# [DATA TO EXAMINE]
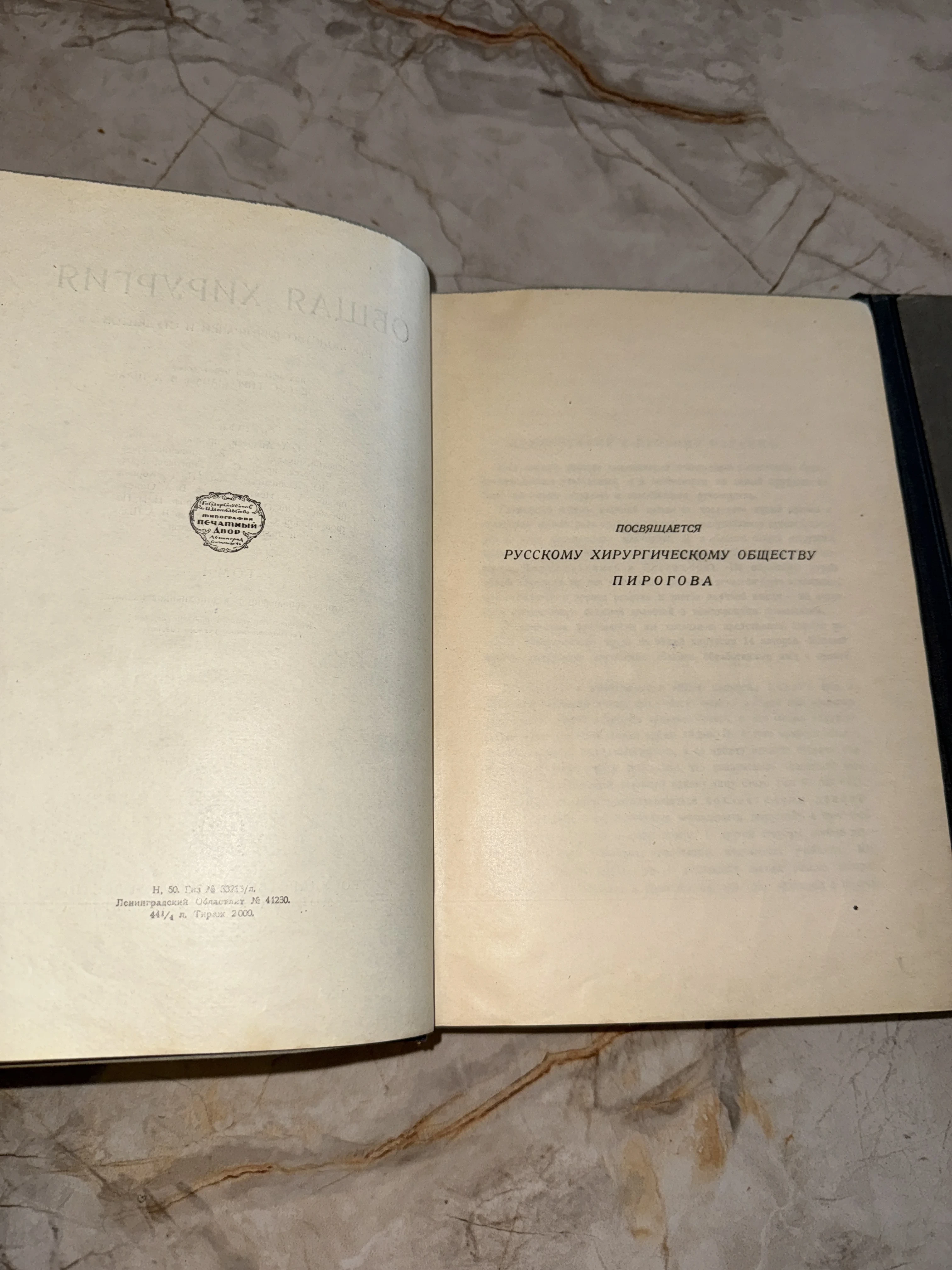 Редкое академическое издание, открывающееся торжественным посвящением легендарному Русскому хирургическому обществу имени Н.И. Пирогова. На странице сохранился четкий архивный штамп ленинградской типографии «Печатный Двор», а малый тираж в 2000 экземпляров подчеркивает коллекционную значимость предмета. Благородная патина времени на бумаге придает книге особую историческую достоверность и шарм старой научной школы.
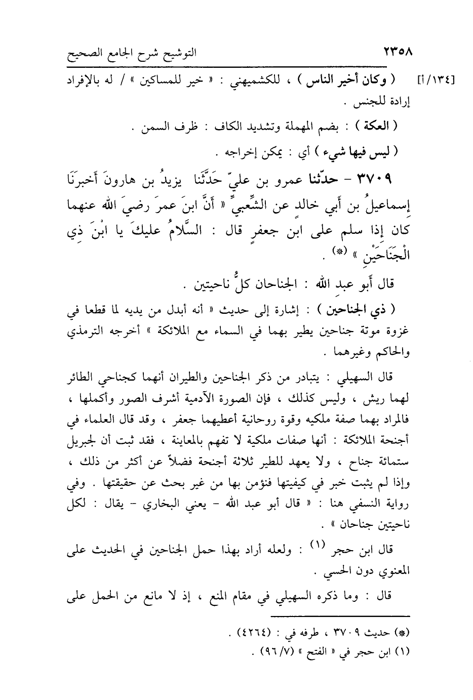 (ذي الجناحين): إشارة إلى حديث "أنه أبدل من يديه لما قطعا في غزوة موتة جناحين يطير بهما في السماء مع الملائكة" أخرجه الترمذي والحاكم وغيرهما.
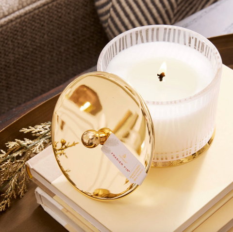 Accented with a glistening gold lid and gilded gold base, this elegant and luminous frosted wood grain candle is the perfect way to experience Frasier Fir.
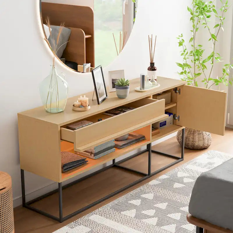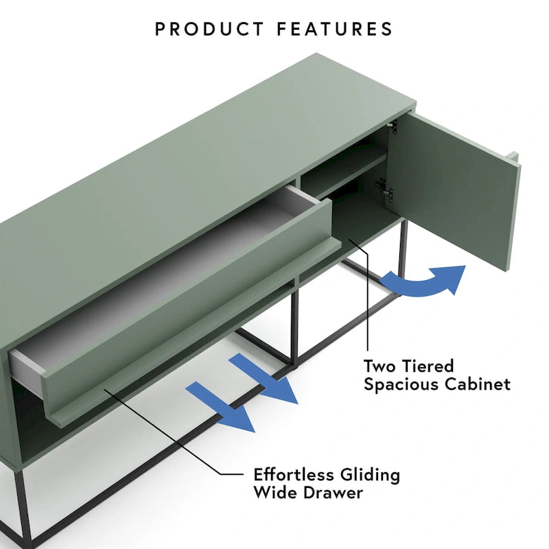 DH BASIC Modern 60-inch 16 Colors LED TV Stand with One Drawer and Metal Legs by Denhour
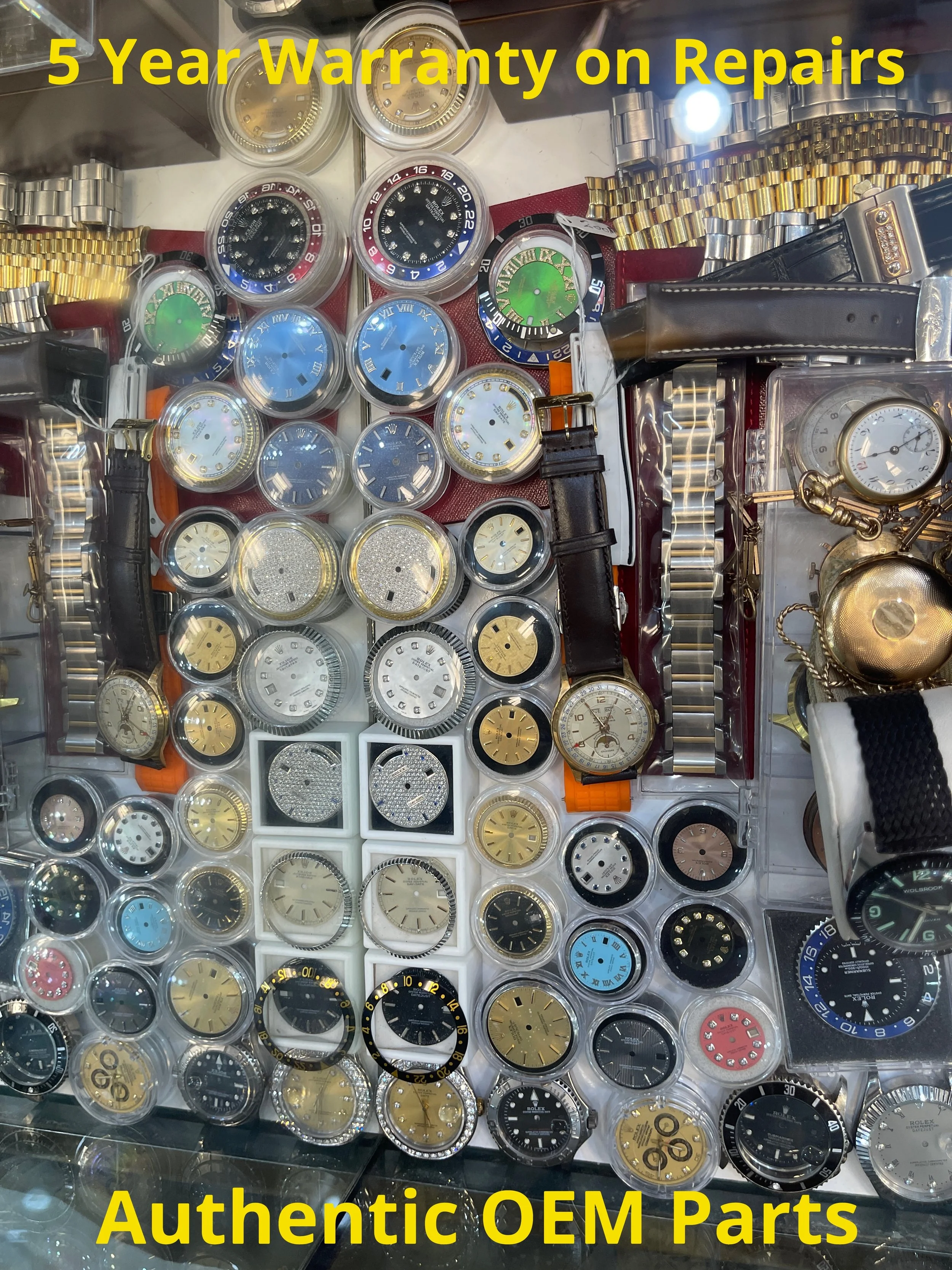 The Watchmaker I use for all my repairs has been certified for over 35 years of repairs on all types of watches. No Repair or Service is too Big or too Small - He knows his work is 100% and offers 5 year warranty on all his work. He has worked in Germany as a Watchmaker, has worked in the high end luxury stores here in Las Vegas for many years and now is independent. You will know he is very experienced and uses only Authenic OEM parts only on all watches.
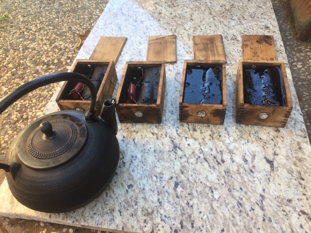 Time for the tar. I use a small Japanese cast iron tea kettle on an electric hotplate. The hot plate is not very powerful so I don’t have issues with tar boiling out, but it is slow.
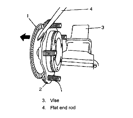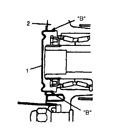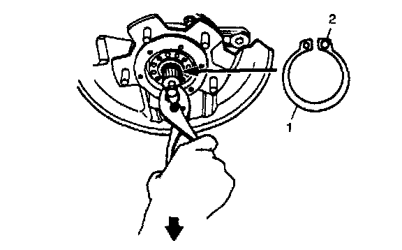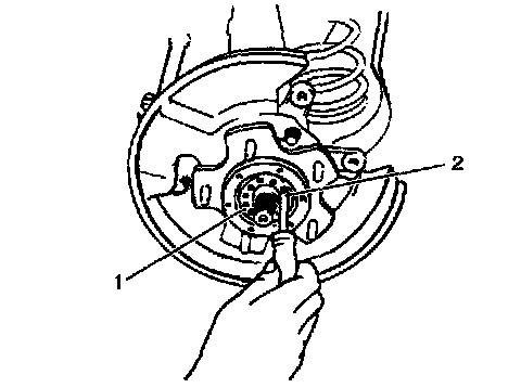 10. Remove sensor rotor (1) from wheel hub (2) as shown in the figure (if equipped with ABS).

# [TASK GOAL]
Although the records contain pictures, the output must hold only their exact wording.

# [EXERCISE SOLUTION]
 Редкое академическое издание, открывающееся торжественным посвящением легендарному Русскому хирургическому обществу имени Н.И. Пирогова. На странице сохранился четкий архивный штамп ленинградской типографии «Печатный Двор», а малый тираж в 2000 экземпляров подчеркивает коллекционную значимость предмета. Благородная патина времени на бумаге придает книге особую историческую достоверность и шарм старой научной школы.
 (ذي الجناحين): إشارة إلى حديث "أنه أبدل من يديه لما قطعا في غزوة موتة جناحين يطير بهما في السماء مع الملائكة" أخرجه الترمذي والحاكم وغيرهما.
 Accented with a glistening gold lid and gilded gold base, this elegant and luminous frosted wood grain candle is the perfect way to experience Frasier Fir.
 DH BASIC Modern 60-inch 16 Colors LED TV Stand with One Drawer and Metal Legs by Denhour
 The Watchmaker I use for all my repairs has been certified for over 35 years of repairs on all types of watches. No Repair or Service is too Big or too Small - He knows his work is 100% and offers 5 year warranty on all his work. He has worked in Germany as a Watchmaker, has worked in the high end luxury stores here in Las Vegas for many years and now is independent. You will know he is very experienced and uses only Authenic OEM parts only on all watches.
 Time for the tar. I use a small Japanese cast iron tea kettle on an electric hotplate. The hot plate is not very powerful so I don’t have issues with tar boiling out, but it is slow.
 10. Remove sensor rotor (1) from wheel hub (2) as shown in the figure (if equipped with ABS).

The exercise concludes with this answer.